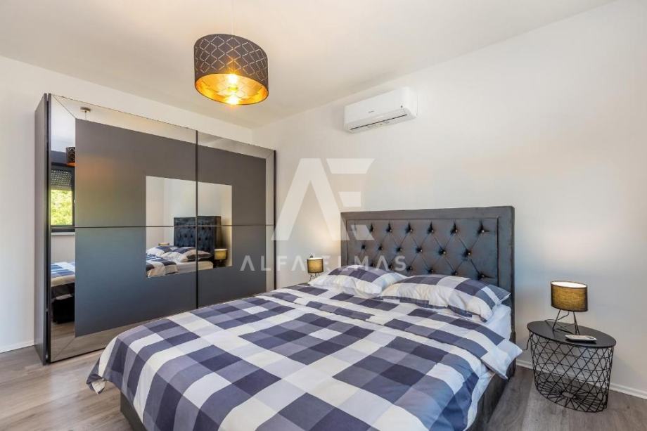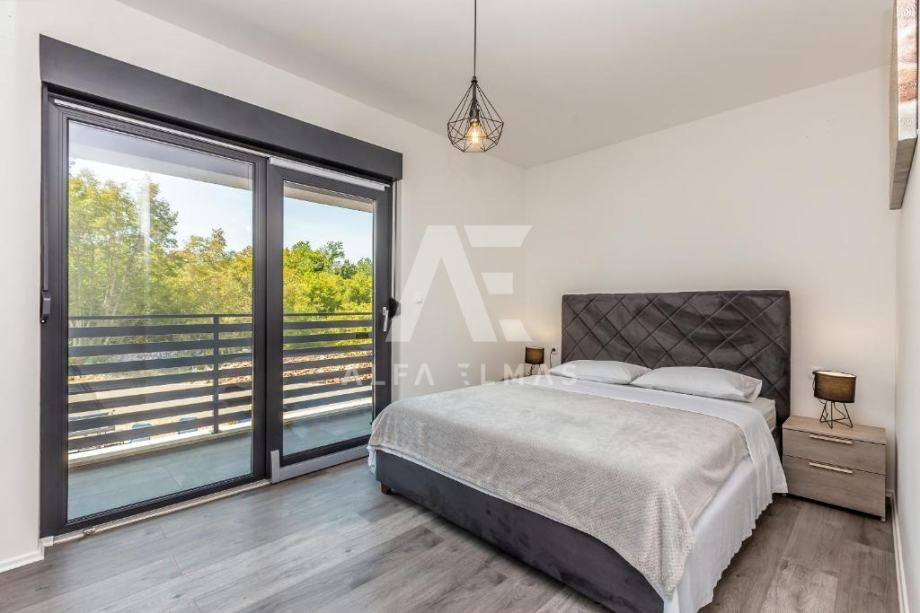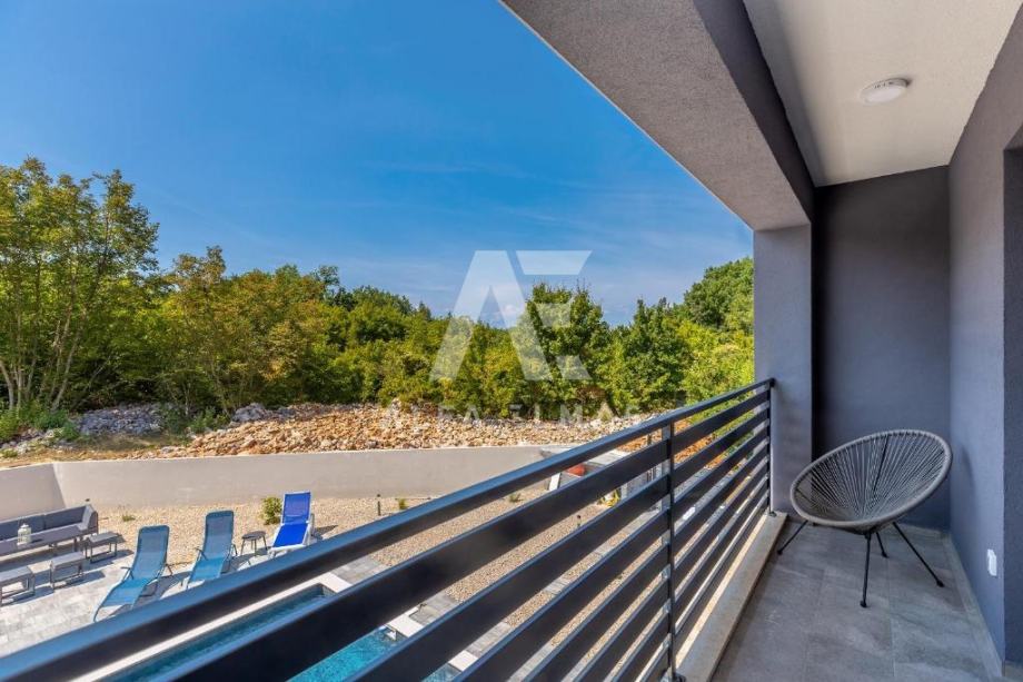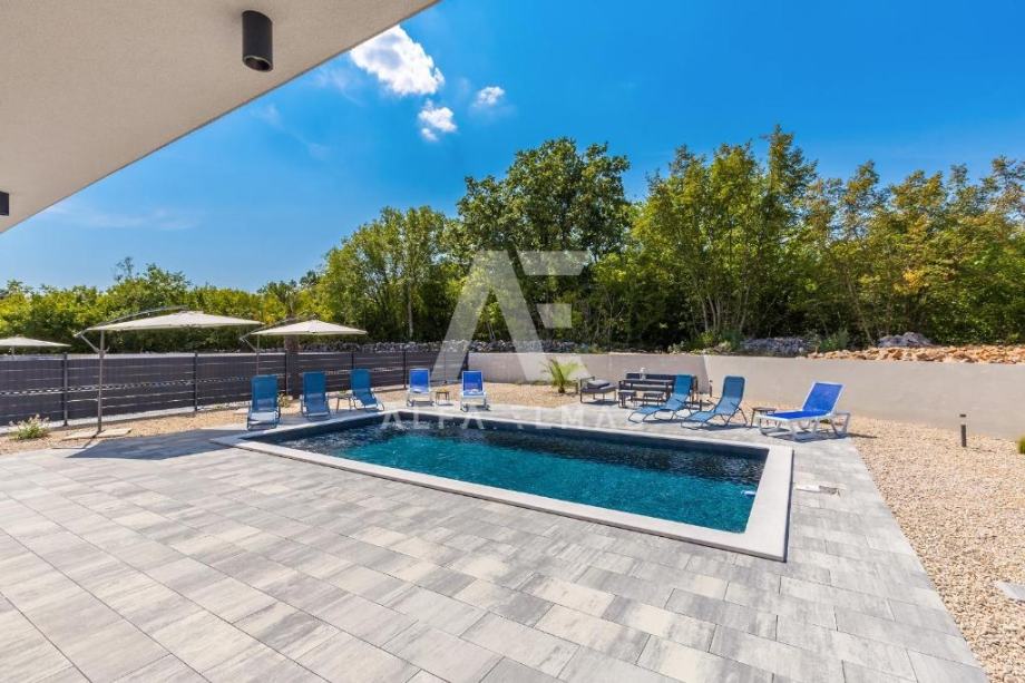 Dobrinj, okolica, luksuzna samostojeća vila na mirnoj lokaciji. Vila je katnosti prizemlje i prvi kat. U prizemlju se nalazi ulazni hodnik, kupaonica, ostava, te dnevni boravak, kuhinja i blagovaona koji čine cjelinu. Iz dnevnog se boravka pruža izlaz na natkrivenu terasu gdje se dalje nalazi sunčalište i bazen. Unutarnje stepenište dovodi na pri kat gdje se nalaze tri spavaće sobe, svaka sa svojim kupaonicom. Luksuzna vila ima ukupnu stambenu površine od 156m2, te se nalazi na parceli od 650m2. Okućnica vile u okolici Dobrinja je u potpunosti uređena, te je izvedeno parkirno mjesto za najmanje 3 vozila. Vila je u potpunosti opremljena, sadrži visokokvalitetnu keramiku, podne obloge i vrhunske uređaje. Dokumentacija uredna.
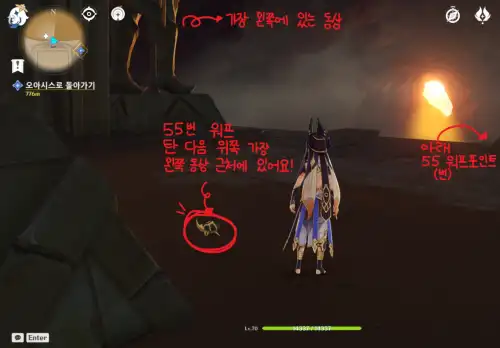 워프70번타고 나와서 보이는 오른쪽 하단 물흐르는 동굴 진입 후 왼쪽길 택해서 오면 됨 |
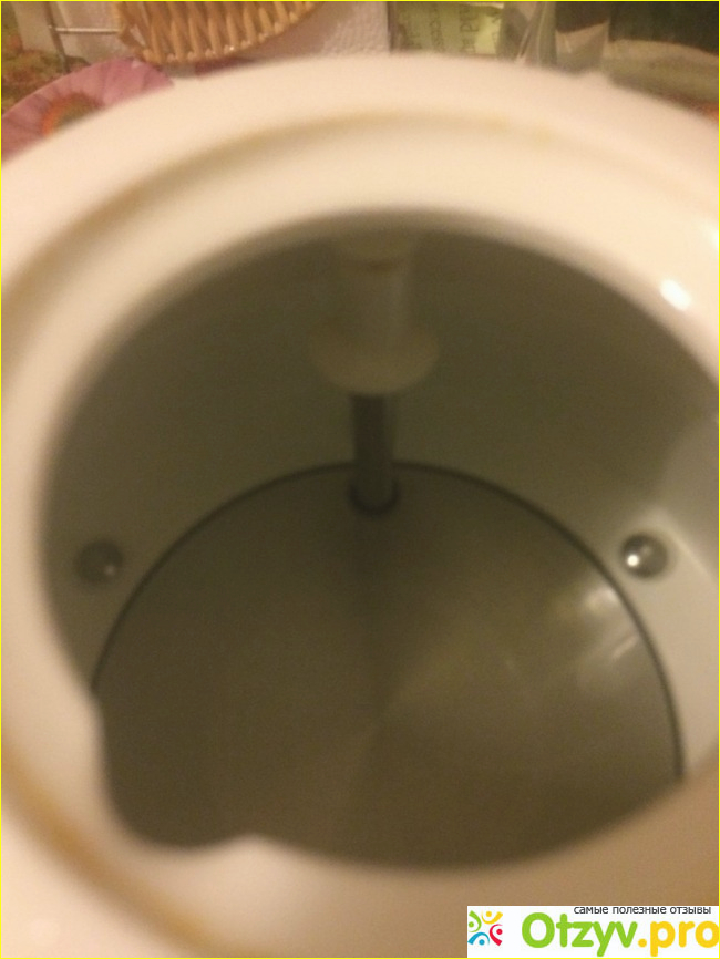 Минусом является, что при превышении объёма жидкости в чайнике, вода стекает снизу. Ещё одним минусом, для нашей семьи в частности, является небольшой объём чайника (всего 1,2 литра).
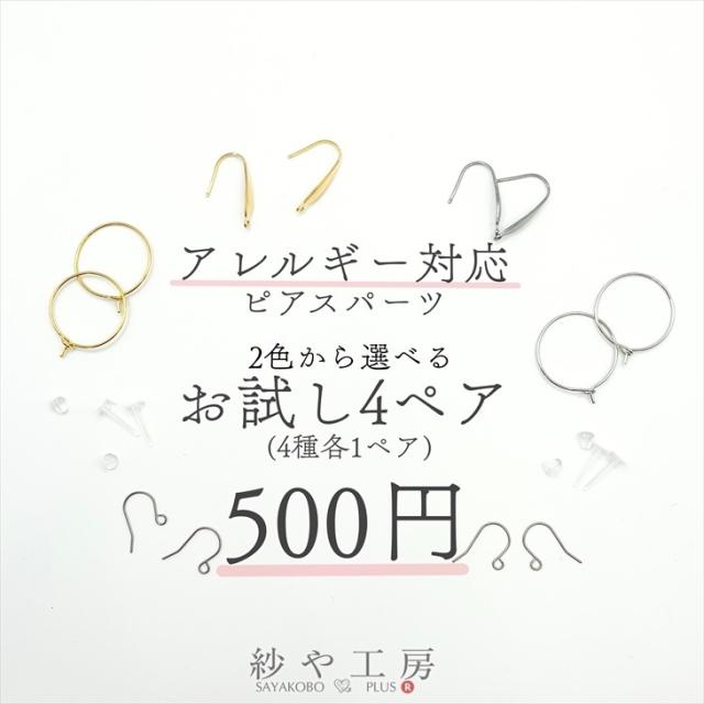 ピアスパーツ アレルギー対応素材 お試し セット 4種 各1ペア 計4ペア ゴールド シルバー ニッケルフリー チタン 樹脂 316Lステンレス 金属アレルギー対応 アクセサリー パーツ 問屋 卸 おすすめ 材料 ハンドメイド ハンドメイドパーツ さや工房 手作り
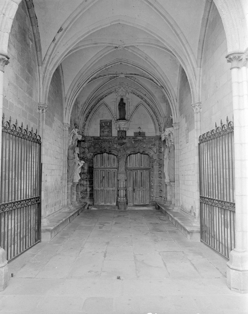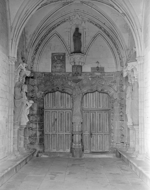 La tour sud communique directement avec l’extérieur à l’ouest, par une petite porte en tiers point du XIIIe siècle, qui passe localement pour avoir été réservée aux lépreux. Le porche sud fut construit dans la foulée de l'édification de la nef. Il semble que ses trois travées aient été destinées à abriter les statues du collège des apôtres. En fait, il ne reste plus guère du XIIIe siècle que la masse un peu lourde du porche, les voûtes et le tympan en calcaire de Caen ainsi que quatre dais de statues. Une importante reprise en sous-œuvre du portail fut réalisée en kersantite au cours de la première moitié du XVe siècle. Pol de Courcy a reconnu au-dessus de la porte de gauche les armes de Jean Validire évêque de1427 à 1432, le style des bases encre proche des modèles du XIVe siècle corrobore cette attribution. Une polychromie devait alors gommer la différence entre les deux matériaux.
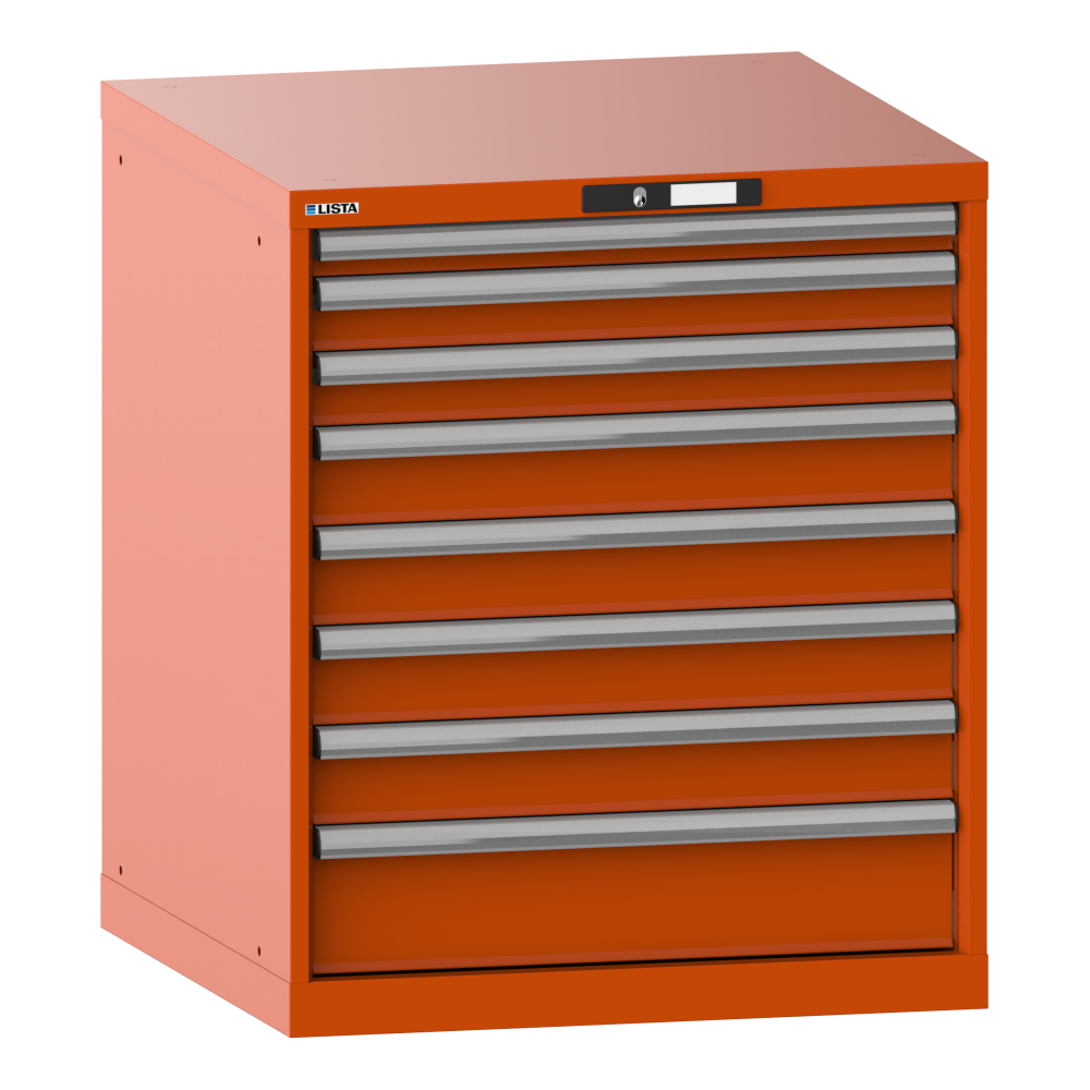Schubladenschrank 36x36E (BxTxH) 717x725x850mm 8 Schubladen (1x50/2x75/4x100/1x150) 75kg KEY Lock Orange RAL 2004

....

● Task to complete: I would like the material repeated in full and exactly, with its images omitted.

● Final answer:
 Dobrinj, okolica, luksuzna samostojeća vila na mirnoj lokaciji. Vila je katnosti prizemlje i prvi kat. U prizemlju se nalazi ulazni hodnik, kupaonica, ostava, te dnevni boravak, kuhinja i blagovaona koji čine cjelinu. Iz dnevnog se boravka pruža izlaz na natkrivenu terasu gdje se dalje nalazi sunčalište i bazen. Unutarnje stepenište dovodi na pri kat gdje se nalaze tri spavaće sobe, svaka sa svojim kupaonicom. Luksuzna vila ima ukupnu stambenu površine od 156m2, te se nalazi na parceli od 650m2. Okućnica vile u okolici Dobrinja je u potpunosti uređena, te je izvedeno parkirno mjesto za najmanje 3 vozila. Vila je u potpunosti opremljena, sadrži visokokvalitetnu keramiku, podne obloge i vrhunske uređaje. Dokumentacija uredna.
 워프70번타고 나와서 보이는 오른쪽 하단 물흐르는 동굴 진입 후 왼쪽길 택해서 오면 됨 |
 Минусом является, что при превышении объёма жидкости в чайнике, вода стекает снизу. Ещё одним минусом, для нашей семьи в частности, является небольшой объём чайника (всего 1,2 литра).
 ピアスパーツ アレルギー対応素材 お試し セット 4種 各1ペア 計4ペア ゴールド シルバー ニッケルフリー チタン 樹脂 316Lステンレス 金属アレルギー対応 アクセサリー パーツ 問屋 卸 おすすめ 材料 ハンドメイド ハンドメイドパーツ さや工房 手作り
 La tour sud communique directement avec l’extérieur à l’ouest, par une petite porte en tiers point du XIIIe siècle, qui passe localement pour avoir été réservée aux lépreux. Le porche sud fut construit dans la foulée de l'édification de la nef. Il semble que ses trois travées aient été destinées à abriter les statues du collège des apôtres. En fait, il ne reste plus guère du XIIIe siècle que la masse un peu lourde du porche, les voûtes et le tympan en calcaire de Caen ainsi que quatre dais de statues. Une importante reprise en sous-œuvre du portail fut réalisée en kersantite au cours de la première moitié du XVe siècle. Pol de Courcy a reconnu au-dessus de la porte de gauche les armes de Jean Validire évêque de1427 à 1432, le style des bases encre proche des modèles du XIVe siècle corrobore cette attribution. Une polychromie devait alors gommer la différence entre les deux matériaux.
Schubladenschrank 36x36E (BxTxH) 717x725x850mm 8 Schubladen (1x50/2x75/4x100/1x150) 75kg KEY Lock Orange RAL 2004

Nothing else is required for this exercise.